_WORK REQUEST_. Print every entry below exactly, leaving out the pictures.

::: PROVIDED DATA

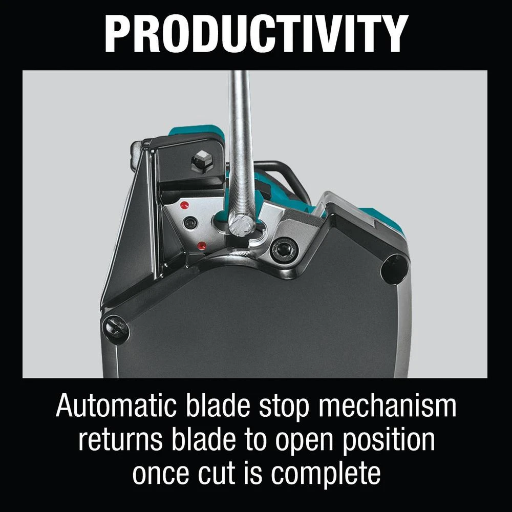 - Automatic blade stop mechanism returns blade to open position once cut is complete to continue operation
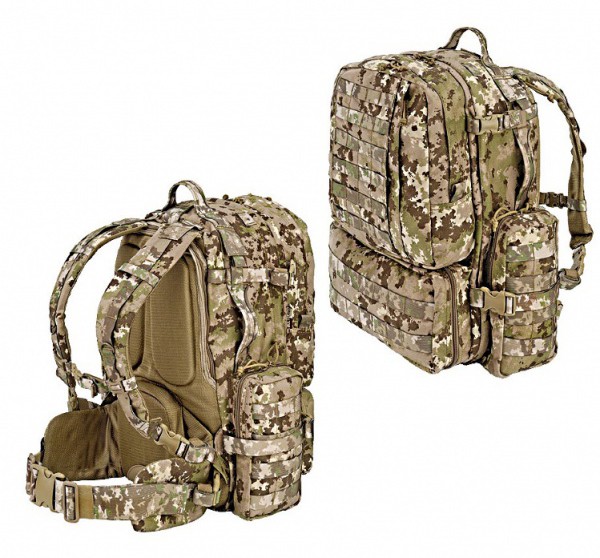 Система підвісу рюкзака сприяє підтримці правильного положення хребта при ходьбі та дозволить переносити вантажі на великі відстані, забезпечивши при цьому правильний перерозподіл ваги. Рюкзак має корисний об'єм у 60 літрів, обладнаний системою Molle за стандартами NATO (25х35 мм), адаптований під питну систему, а також має безліч відділів та кишень для дрібних речей.
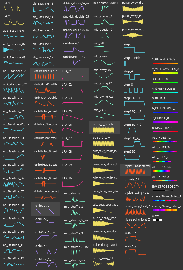 Throughout my career I have been testing and refining a library of presets envelopes, palettes, FX and sources.
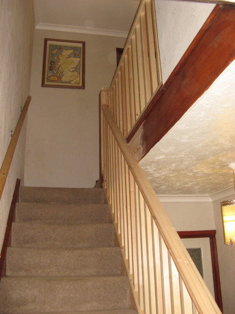 The above is a boarded stair, as opposed to using spindle’s, this was popular in the 1970s and 80s. It is no longer allowed unless the gap between each board or boards and hand/base rail is less than 100mm (4”) . This regulation applies to spindles as well. The regulation prevents the potential for young children and babies getting their head wedged in the gap. There has been truly tragic cases although thankfully few, of very young children accidentally hanging themselves as a result of there being a greater than 100mm opening between spindles or boards.
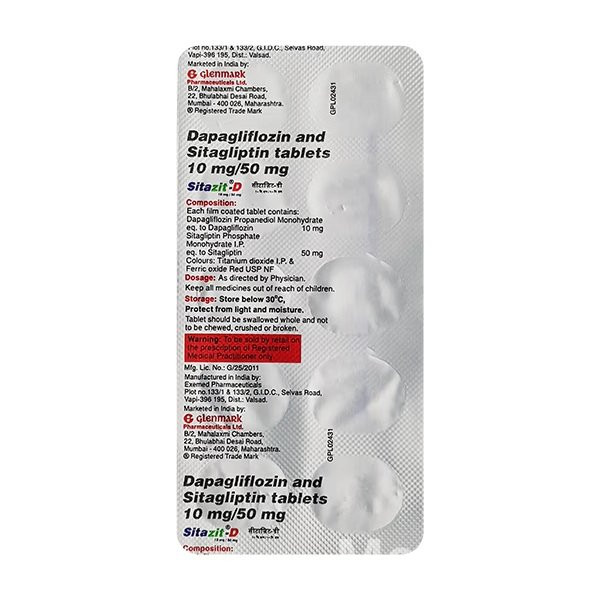SITAZIT D 10/50 10S is an oral antidiabetic medication combining Dapagliflozin and Sitagliptin, used to improve glycemic control in adults with type 2 diabetes mellitus. Dapagliflozin is a sodium-glucose co-transporter 2 (SGLT2) inhibitor that works by reducing glucose reabsorption in the kidneys, leading to increased urinary glucose excretion and a subsequent reduction in blood glucose levels, independent of insulin. Sitagliptin is a dipeptidyl peptidase-4 (DPP-4) inhibitor that enhances the body's natural ability to lower high blood glucose levels by increasing the active levels of incretin hormones. This dual mechanism of action provides comprehensive glycemic control, addressing different pathways involved in glucose regulation. The combination also offers benefits such as weight management and potential cardiovascular and renal protection, making it a versatile option for managing type 2 diabetes.
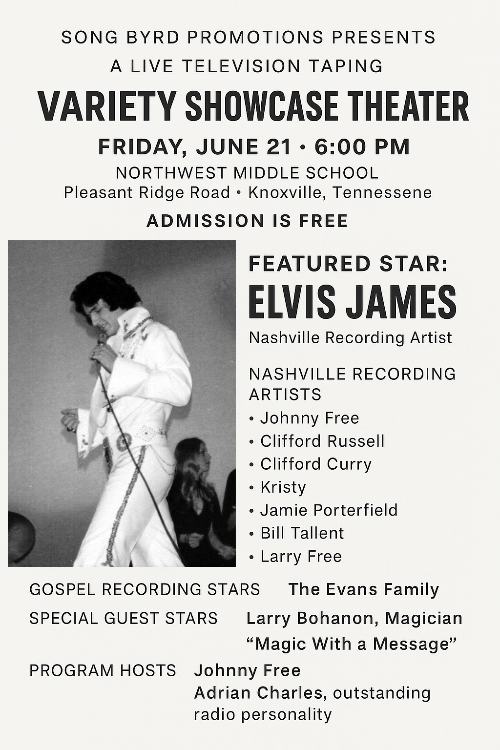 In June of that year, Song Byrd Promotions presented a live television taping of the Variety Showcase Theater at Northwest Middle School in Knoxville, Tennessee. The program brought together Nashville recording artists, gospel performers, dancers, and specialty acts for a free community event that captured the spirit of local entertainment at its finest. Among the featured entertainers was Elvis James, whose performance added a dynamic presence to the lineup.
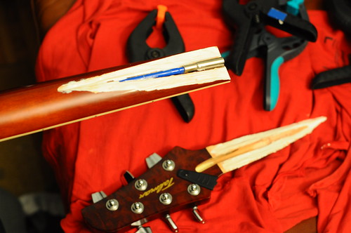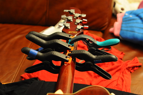 Putting the two pieces together I used the original nut to check the spacing/placement of the neck. I had two of these clamps lying around and bought 3 more for a buck a piece. I read online about someone suggesting these as they add enough pressure while c-clamps are usually over screwed by amateurs (?)
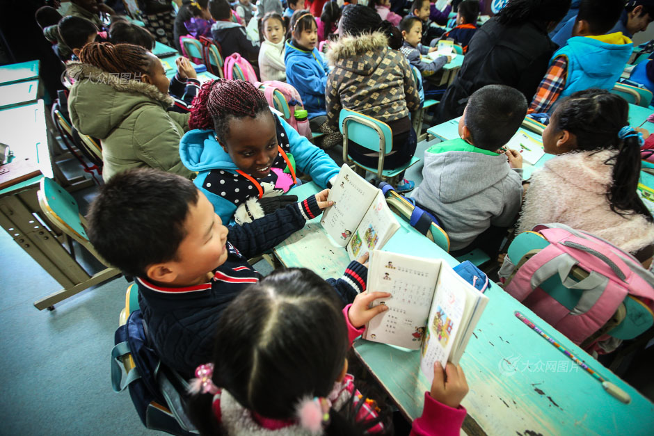 大众网济南11月12日讯(记者 姜洋 王长坤)11月12日,来自38个国家的二百余名山师大国际交流学院留学生到山东师附小进行友好访问,分别走进一年级和五年级课堂,与孩子们进行了丰富多彩、趣味盎然的联谊活动。活动中同学们和留学生一起载歌载舞、尽情游戏,大家在互动中交流中增进相互了解,品味异国文化差异,两个年级各具特色,精彩瞬间不断呈现。
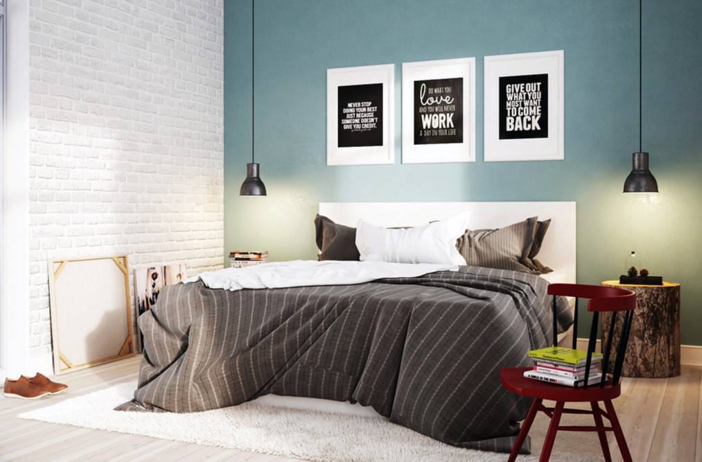 На следующем примере видно, как гармонично сочетаются урбанистические элементы со скандинавской простотой. На фоне белой кирпичной стены отлично смотрится простая серая кровать, однотонные подушки и зелень комнатных растений.
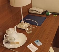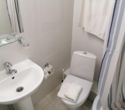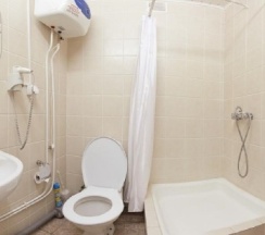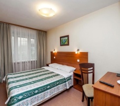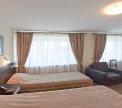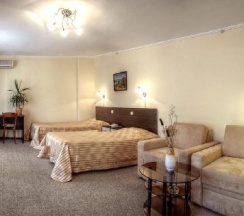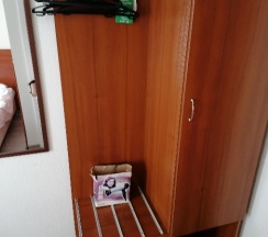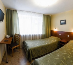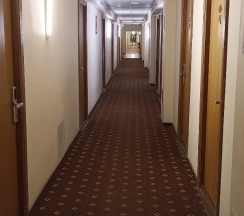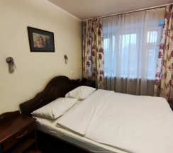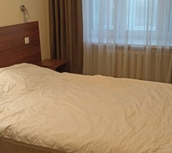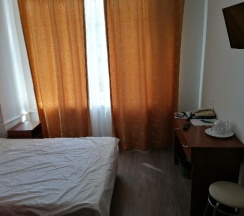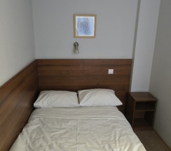 Жили в двух одноместных номерах - эконом и улучшенный. В улучшенном, как в 3 звёздном отеле есть кондиционер, фен, холодильник, широкая кровать, диванчик ( раскладывается для ребёнка), журнальный столик, телевизор, в туалетной комнате положили одноразовые шампунь и мыло на все дни. В экономе телевизор, вентилятор, одноразовое мыло. Но в целом это для эконома 2 звёздной гостиницы - нормально. Общее впечатление хорошее, правда, общий косметический ремонт бы не помешал - немного выглядит усталым.
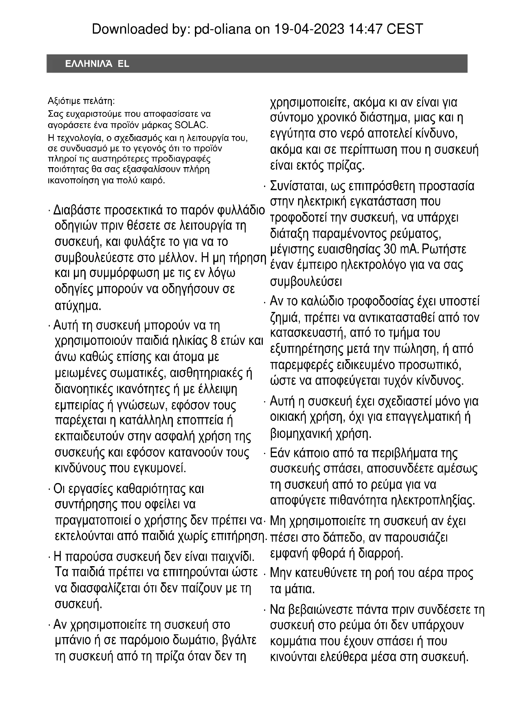 Downloaded by: pd-oliana on 19-04-2023 14:47 CESTEL - Αυτό το σύμβολο σημαίνει ότι εάν θέλετε να απαλλαγείτε από το προϊόν, όταν έχει ολοκληρωθεί ο κύκλος ζωής του, οφείλετε να το εναποθέσετε, με τα κατάλληλα μέσα, στα χέρια ενός διαχειριστή αποβλήτων, εγκεκριμένου για την επιλεκτική συλλογή αποβλήτων ειδών ηλεκτρικού και ηλεκτρονικού εξοπλισμού (ΑΗΗΕ). Το παρόν προϊόν συμμορφώνεται με την οδηγία 2014/35/ΕU χαμηλής τάσης, με την οδηγία 2014/30/ΕU για την ηλεκτρομαγνητική συμβατότητα, με την οδηγία 2011/65/ΕU για τον περιορισμό της χρήσης ορισμένων επικίνδυνων ουσιών σε ηλεκτρικό και ηλεκτρονικό εξοπλισμό και με την οδηγία 2009/125/ΕC για τις απαιτήσεις οικολογικού σχεδιασμού όσον αφορά τα συνδεόμενα με την ενέργεια προϊόντα. Downloaded by: pd-oliana on 19-04-2023 14:47 CESTČEŠKY CS Vážený zákazníku / Vážená zákaznice, Velmi vám děkujeme, že jste se rozhodl/a pro zakoupení výrobku značky SOLAC. Díky technologii, designu, typu provozu a skutečnosti, že produkt převyšuje nejpřísnější standardy kvality, zaručuje plně uspokojivé používání a dlouhou životnost.
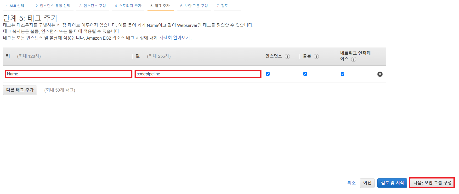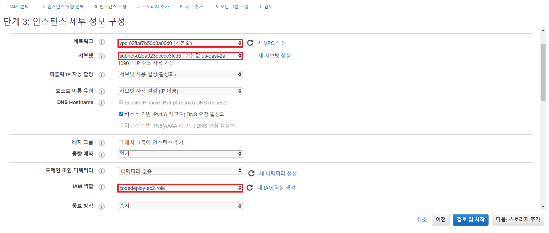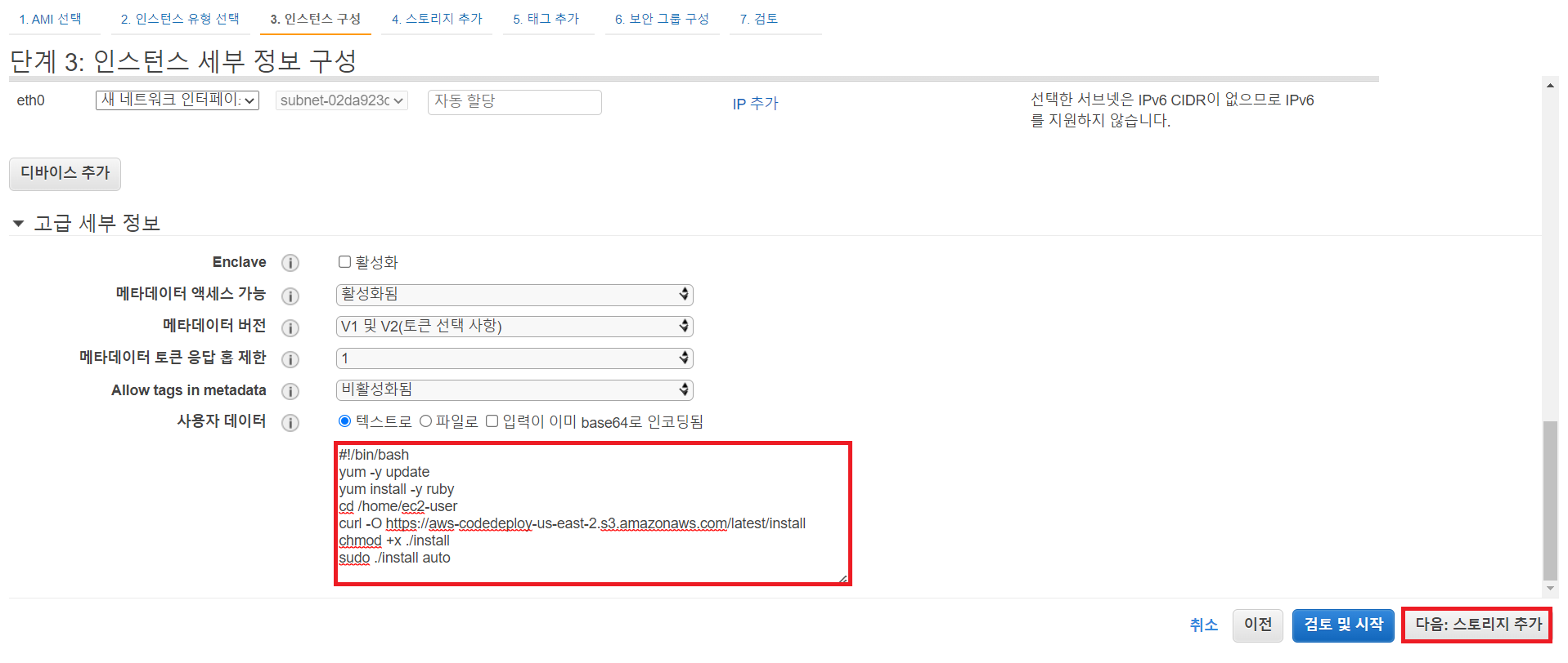 1. EC2 인스턴스 생성을 위해 EC2 콘솔로 이동하여 [인스턴스 시작] 버튼을 클릭한다.2. AMI 선택 페이지에서 Amazon Linux 2 AMI의 [선택] 버튼을 클릭한다.3. 인스턴스 유형 선택 페이지에서 t2.micro를 선택한 후, [다음: 인스턴스 세부 정보 구성] 버튼을 클릭한다.4. 인스턴스 세부 정보 구성 페이지에서 네트워크와 서브넷을 선택한 후, IAM 역할을 이전에 생성한 인스턴스 프로파일 역할로 선택한다.5. 사용자 데이터에 위와 같이 내용을 입력한 후, [다음: 스토리지 추가] 버튼을 클릭한다. 선택한 리전이 다른 경우 본인의 서비스 리전으로 다운로드 주소를 수정한다.6. 스토리지 추가 페이지에서는 디폴트로 두고 [다음: 태그 추가] 버튼을 클릭한다.7. 태그 추가 페이지에서 키와 값을 입력한 후, [다음: 보안 그룹 구성] 버튼을 클릭한다.8. 보안 그룹 구성 페이지에서 새 보안 그룹을 생성하여 80번 포트를 허용하는 규칙을 추가한 후, [검토 및 시작] 버튼을 클릭한다.9. 새 키 페어를 생성하여 다운로드한 후, [인스턴스 시작] 버튼을 클릭한다.10. CodeDeploy 배포 그룹 생성을 위해 CodeDeploy 콘솔로 이동하여 [애플리케이션 생성] 버튼을 클릭한다.11. 애플리케이션 생성 페이지에서 이름을 입력하고, 컴퓨팅 플랫폼으로 [EC2/온프레미스]를 선택한 후, [애플리케이션 생성] 버튼을 클릭한다.12. 생성된 애플리케이션의 배포 그룹 탭에서 [배포 그룹 생성] 버튼을 클릭한다.13. 배포 그룹 생성 페이지에서 이름을 입력하고, 이전에 생성한 서비스 역할을 선택한다.14. 배포 유형으로 [현재 위치]를 선택하고, 환경 구성은 [Amazon EC2 인스턴스]를 선택하여 이전에 생성한 인스턴스의 태그를 입력한다.15. [로드 밸런싱 활성화] 체크박스를 해제하고, 나머지는 항목들은 디폴트로 두어 [배포 그룹 생성] 버튼을 클릭한다.
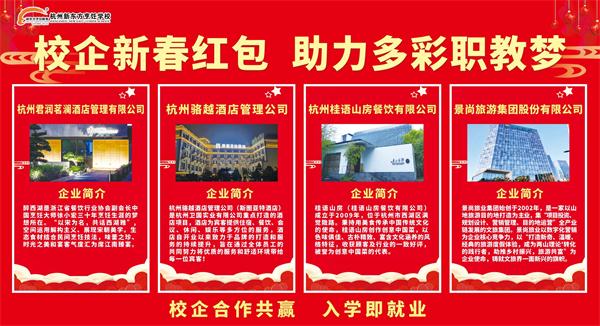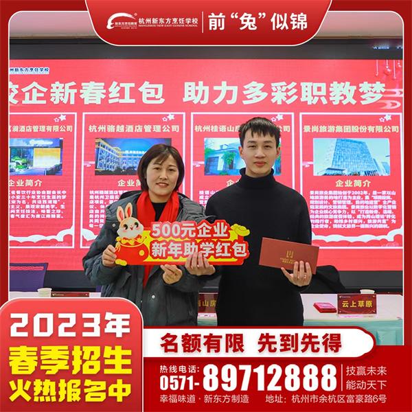 正值开学季,为助力大家实现技能成才梦。近日,杭州新东方职业学校携手杭州君润茗澜酒店管理有限公司、杭州骆越酒店管理公司、杭州桂语山房餐饮有限公司、景尚旅游集团股份有限公司四家企业,现场派发校企新春红包,欢迎新生学子报名入学。

::::::

_OUTPUT BELOW_.
 - Automatic blade stop mechanism returns blade to open position once cut is complete to continue operation
 Система підвісу рюкзака сприяє підтримці правильного положення хребта при ходьбі та дозволить переносити вантажі на великі відстані, забезпечивши при цьому правильний перерозподіл ваги. Рюкзак має корисний об'єм у 60 літрів, обладнаний системою Molle за стандартами NATO (25х35 мм), адаптований під питну систему, а також має безліч відділів та кишень для дрібних речей.
 Throughout my career I have been testing and refining a library of presets envelopes, palettes, FX and sources.
 The above is a boarded stair, as opposed to using spindle’s, this was popular in the 1970s and 80s. It is no longer allowed unless the gap between each board or boards and hand/base rail is less than 100mm (4”) . This regulation applies to spindles as well. The regulation prevents the potential for young children and babies getting their head wedged in the gap. There has been truly tragic cases although thankfully few, of very young children accidentally hanging themselves as a result of there being a greater than 100mm opening between spindles or boards.
SITAZIT D 10/50 10S is an oral antidiabetic medication combining Dapagliflozin and Sitagliptin, used to improve glycemic control in adults with type 2 diabetes mellitus. Dapagliflozin is a sodium-glucose co-transporter 2 (SGLT2) inhibitor that works by reducing glucose reabsorption in the kidneys, leading to increased urinary glucose excretion and a subsequent reduction in blood glucose levels, independent of insulin. Sitagliptin is a dipeptidyl peptidase-4 (DPP-4) inhibitor that enhances the body's natural ability to lower high blood glucose levels by increasing the active levels of incretin hormones. This dual mechanism of action provides comprehensive glycemic control, addressing different pathways involved in glucose regulation. The combination also offers benefits such as weight management and potential cardiovascular and renal protection, making it a versatile option for managing type 2 diabetes.
 In June of that year, Song Byrd Promotions presented a live television taping of the Variety Showcase Theater at Northwest Middle School in Knoxville, Tennessee. The program brought together Nashville recording artists, gospel performers, dancers, and specialty acts for a free community event that captured the spirit of local entertainment at its finest. Among the featured entertainers was Elvis James, whose performance added a dynamic presence to the lineup.
 Putting the two pieces together I used the original nut to check the spacing/placement of the neck. I had two of these clamps lying around and bought 3 more for a buck a piece. I read online about someone suggesting these as they add enough pressure while c-clamps are usually over screwed by amateurs (?)
 大众网济南11月12日讯(记者 姜洋 王长坤)11月12日,来自38个国家的二百余名山师大国际交流学院留学生到山东师附小进行友好访问,分别走进一年级和五年级课堂,与孩子们进行了丰富多彩、趣味盎然的联谊活动。活动中同学们和留学生一起载歌载舞、尽情游戏,大家在互动中交流中增进相互了解,品味异国文化差异,两个年级各具特色,精彩瞬间不断呈现。
 На следующем примере видно, как гармонично сочетаются урбанистические элементы со скандинавской простотой. На фоне белой кирпичной стены отлично смотрится простая серая кровать, однотонные подушки и зелень комнатных растений.
 Жили в двух одноместных номерах - эконом и улучшенный. В улучшенном, как в 3 звёздном отеле есть кондиционер, фен, холодильник, широкая кровать, диванчик ( раскладывается для ребёнка), журнальный столик, телевизор, в туалетной комнате положили одноразовые шампунь и мыло на все дни. В экономе телевизор, вентилятор, одноразовое мыло. Но в целом это для эконома 2 звёздной гостиницы - нормально. Общее впечатление хорошее, правда, общий косметический ремонт бы не помешал - немного выглядит усталым.
 Downloaded by: pd-oliana on 19-04-2023 14:47 CESTEL - Αυτό το σύμβολο σημαίνει ότι εάν θέλετε να απαλλαγείτε από το προϊόν, όταν έχει ολοκληρωθεί ο κύκλος ζωής του, οφείλετε να το εναποθέσετε, με τα κατάλληλα μέσα, στα χέρια ενός διαχειριστή αποβλήτων, εγκεκριμένου για την επιλεκτική συλλογή αποβλήτων ειδών ηλεκτρικού και ηλεκτρονικού εξοπλισμού (ΑΗΗΕ). Το παρόν προϊόν συμμορφώνεται με την οδηγία 2014/35/ΕU χαμηλής τάσης, με την οδηγία 2014/30/ΕU για την ηλεκτρομαγνητική συμβατότητα, με την οδηγία 2011/65/ΕU για τον περιορισμό της χρήσης ορισμένων επικίνδυνων ουσιών σε ηλεκτρικό και ηλεκτρονικό εξοπλισμό και με την οδηγία 2009/125/ΕC για τις απαιτήσεις οικολογικού σχεδιασμού όσον αφορά τα συνδεόμενα με την ενέργεια προϊόντα. Downloaded by: pd-oliana on 19-04-2023 14:47 CESTČEŠKY CS Vážený zákazníku / Vážená zákaznice, Velmi vám děkujeme, že jste se rozhodl/a pro zakoupení výrobku značky SOLAC. Díky technologii, designu, typu provozu a skutečnosti, že produkt převyšuje nejpřísnější standardy kvality, zaručuje plně uspokojivé používání a dlouhou životnost.
 1. EC2 인스턴스 생성을 위해 EC2 콘솔로 이동하여 [인스턴스 시작] 버튼을 클릭한다.2. AMI 선택 페이지에서 Amazon Linux 2 AMI의 [선택] 버튼을 클릭한다.3. 인스턴스 유형 선택 페이지에서 t2.micro를 선택한 후, [다음: 인스턴스 세부 정보 구성] 버튼을 클릭한다.4. 인스턴스 세부 정보 구성 페이지에서 네트워크와 서브넷을 선택한 후, IAM 역할을 이전에 생성한 인스턴스 프로파일 역할로 선택한다.5. 사용자 데이터에 위와 같이 내용을 입력한 후, [다음: 스토리지 추가] 버튼을 클릭한다. 선택한 리전이 다른 경우 본인의 서비스 리전으로 다운로드 주소를 수정한다.6. 스토리지 추가 페이지에서는 디폴트로 두고 [다음: 태그 추가] 버튼을 클릭한다.7. 태그 추가 페이지에서 키와 값을 입력한 후, [다음: 보안 그룹 구성] 버튼을 클릭한다.8. 보안 그룹 구성 페이지에서 새 보안 그룹을 생성하여 80번 포트를 허용하는 규칙을 추가한 후, [검토 및 시작] 버튼을 클릭한다.9. 새 키 페어를 생성하여 다운로드한 후, [인스턴스 시작] 버튼을 클릭한다.10. CodeDeploy 배포 그룹 생성을 위해 CodeDeploy 콘솔로 이동하여 [애플리케이션 생성] 버튼을 클릭한다.11. 애플리케이션 생성 페이지에서 이름을 입력하고, 컴퓨팅 플랫폼으로 [EC2/온프레미스]를 선택한 후, [애플리케이션 생성] 버튼을 클릭한다.12. 생성된 애플리케이션의 배포 그룹 탭에서 [배포 그룹 생성] 버튼을 클릭한다.13. 배포 그룹 생성 페이지에서 이름을 입력하고, 이전에 생성한 서비스 역할을 선택한다.14. 배포 유형으로 [현재 위치]를 선택하고, 환경 구성은 [Amazon EC2 인스턴스]를 선택하여 이전에 생성한 인스턴스의 태그를 입력한다.15. [로드 밸런싱 활성화] 체크박스를 해제하고, 나머지는 항목들은 디폴트로 두어 [배포 그룹 생성] 버튼을 클릭한다.
 正值开学季,为助力大家实现技能成才梦。近日,杭州新东方职业学校携手杭州君润茗澜酒店管理有限公司、杭州骆越酒店管理公司、杭州桂语山房餐饮有限公司、景尚旅游集团股份有限公司四家企业,现场派发校企新春红包,欢迎新生学子报名入学。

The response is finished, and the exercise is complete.